Sighing, I push the STOP button with a thumb, yank my headphones off my ears, and groan when Damon Albarn 2.0 asks me what's wrong.

"It's nothing," I tell him.

"Are you sure?" Hugo presses in a wary tone. "Cause you look like you could use a friend right now."

I laugh in disbelief when he holds up his hand to silence me.

"Louisiana's a big state," he continues. "And judging by the look on your face, you don't seem thrilled to return to your neighborhood."

"A year ago, you tried to make me look like an ass in front of my clients, and now you want to be my friend?"

"I'm willing to let bygones be bygones. If you help me with—"

"Fuck off."

Hugo flashes me a coy smirk. He presses his boot on the edge of his pearly white chair and drapes his arm on his left kneecap.

"You're cute when you're suspicious," he compliments flirtatiously. "Sure, I was taught to be more 'realistic' than other monster hunters, but it's only because I want what's mine. How about you, Nancy Drew? Do you have any other goals besides spying on cheating husbands?"

"Oh, you mean like stealing from bank executives?" I inquire. "Sorry, that's your job."

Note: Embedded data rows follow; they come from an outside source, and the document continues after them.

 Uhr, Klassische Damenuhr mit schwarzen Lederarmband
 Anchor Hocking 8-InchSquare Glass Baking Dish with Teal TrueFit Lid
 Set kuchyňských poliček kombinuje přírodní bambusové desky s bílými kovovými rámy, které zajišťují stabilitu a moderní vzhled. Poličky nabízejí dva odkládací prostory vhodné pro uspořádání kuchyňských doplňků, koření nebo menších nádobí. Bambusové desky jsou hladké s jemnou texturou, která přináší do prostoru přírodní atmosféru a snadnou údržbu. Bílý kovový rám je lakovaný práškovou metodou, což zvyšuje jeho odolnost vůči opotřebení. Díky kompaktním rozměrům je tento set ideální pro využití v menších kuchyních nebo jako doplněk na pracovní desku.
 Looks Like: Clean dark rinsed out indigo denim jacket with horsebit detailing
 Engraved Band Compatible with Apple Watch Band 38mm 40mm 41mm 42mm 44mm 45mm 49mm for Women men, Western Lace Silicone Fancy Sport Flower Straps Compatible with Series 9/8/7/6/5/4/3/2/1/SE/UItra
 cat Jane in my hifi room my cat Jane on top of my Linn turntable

"Relax, I'm retired, now," Hugo replies, grinning. "I've learned the error of my ways and I'm ready to rejoin society."

I give him a quizzical frown. "Why are you here?"

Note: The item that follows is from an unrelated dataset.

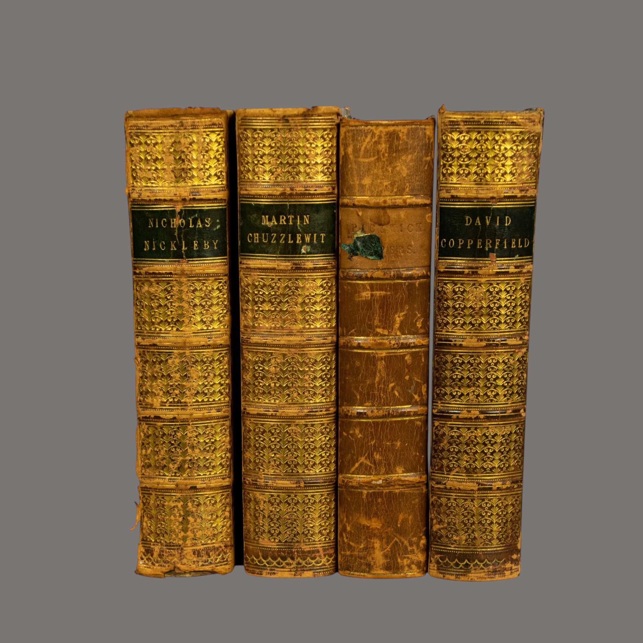 Charles Dickens, Books, Antique, 4-Volume Set, Half Calf Leather Binding, 19th Century

"To see the sights," Hugo answers playfully. "Meet new people—"

"You hate people." I remind him.

Hugo swivels his eyes to the rumbling ceiling and huffs, "Alright, fine. I'm heading to this dive bar at the French Quarter to meet a friend."

"A friend?" I press. "Last I checked, you said you didn't have any friends."

"This coming from a girl who was talking to a cat a minute ago?"

As soon as the train whistle goes off, I get up from my seat and fetch Ichabod, who hisses at Hugo's face.

"Well, as much as I love to stay and chat," I begin. "I have a vacation to plan and old classmates to avoid."

Hugo shrugs his shoulders. "Alright, but if you feel pretty lonely—"

"I'd rather lick rust." I snort. "See you around."